Reputation: 111
I have been using one-hot encoding for a while now in all pre-processing data pipelines that I have had.
But I have run into an issue now that I am trying to pre-process new data automatically with flask server running a model.
TLDR of what I am trying to do is to search new data for a specific Date, region and type and run a .predict on it.
The problem arises as after I search for a specific data point I have to change the columns from objects to the one-hot encoded ones.
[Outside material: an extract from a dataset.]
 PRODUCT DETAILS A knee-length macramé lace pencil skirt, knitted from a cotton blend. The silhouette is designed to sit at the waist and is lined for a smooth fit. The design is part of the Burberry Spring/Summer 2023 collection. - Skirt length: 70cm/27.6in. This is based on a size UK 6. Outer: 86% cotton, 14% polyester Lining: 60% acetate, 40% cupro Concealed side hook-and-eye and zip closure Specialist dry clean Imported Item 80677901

My question is, how do I know which column is for which category inside a feature? As I have around 240 columns after one hot encoding.
Upvotes: 1
Views: 6769
Reputation: 1072
An alternative to sklearn's OneHotEncoder is Feature-engine's OneHotEncoder, which returns clearly named dummy variables:
import pandas as pd
from feature_engine.encoding import OneHotEncoder
X = pd.DataFrame(dict(x1 = [1,2,3,4], x2 = ["a", "a", "b", "c"]))
ohe = OneHotEncoder()
ohe.fit(X)
ohe.transform(X)
The previous code returns the following dataframe:
x1 x2_a x2_b x2_c
0 1 1 0 0
1 2 1 0 0
2 3 0 1 0
3 4 0 0 1
The encoded variables are named with the variable name, then underscore, and then the category, so they are very easy to identify.
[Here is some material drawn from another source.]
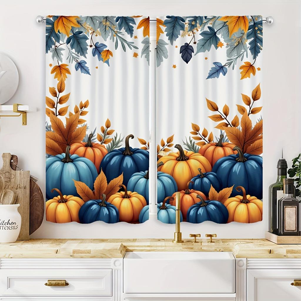 2pc Pumpkin and maple leaf print curtains polyester fabric machine washable suitable for bedroom and living room decoration

I leave the link to Feature-engine's OneHotEncoder for more details.
Upvotes: 1
Reputation: 120409
IIUC, use get_feature_names_out()
:
import pandas as pd
from sklearn.preprocessing import OneHotEncoder
df = pd.DataFrame({'A': [0, 1, 2], 'B': [3, 1, 0],
'C': [0, 2, 2], 'D': [0, 1, 1]})
ohe = OneHotEncoder()
data = ohe.fit_transform(df)
df1 = pd.DataFrame(data.toarray(), columns=ohe.get_feature_names_out(), dtype=int)
Output:
>>> df
A B C D
0 0 3 0 0
1 1 1 2 1
2 2 0 2 1
>>> df1
A_0 A_1 A_2 B_0 B_1 B_3 C_0 C_2 D_0 D_1
0 1 0 0 0 0 1 1 0 1 0
1 0 1 0 0 1 0 0 1 0 1
2 0 0 1 1 0 0 0 1 0 1
>>> pd.Series(ohe.get_feature_names_out()).str.rsplit('_', 1).str[0]
0 A
1 A
2 A
3 B
4 B
5 B
6 C
7 C
8 D
9 D
dtype: object
Upvotes: 2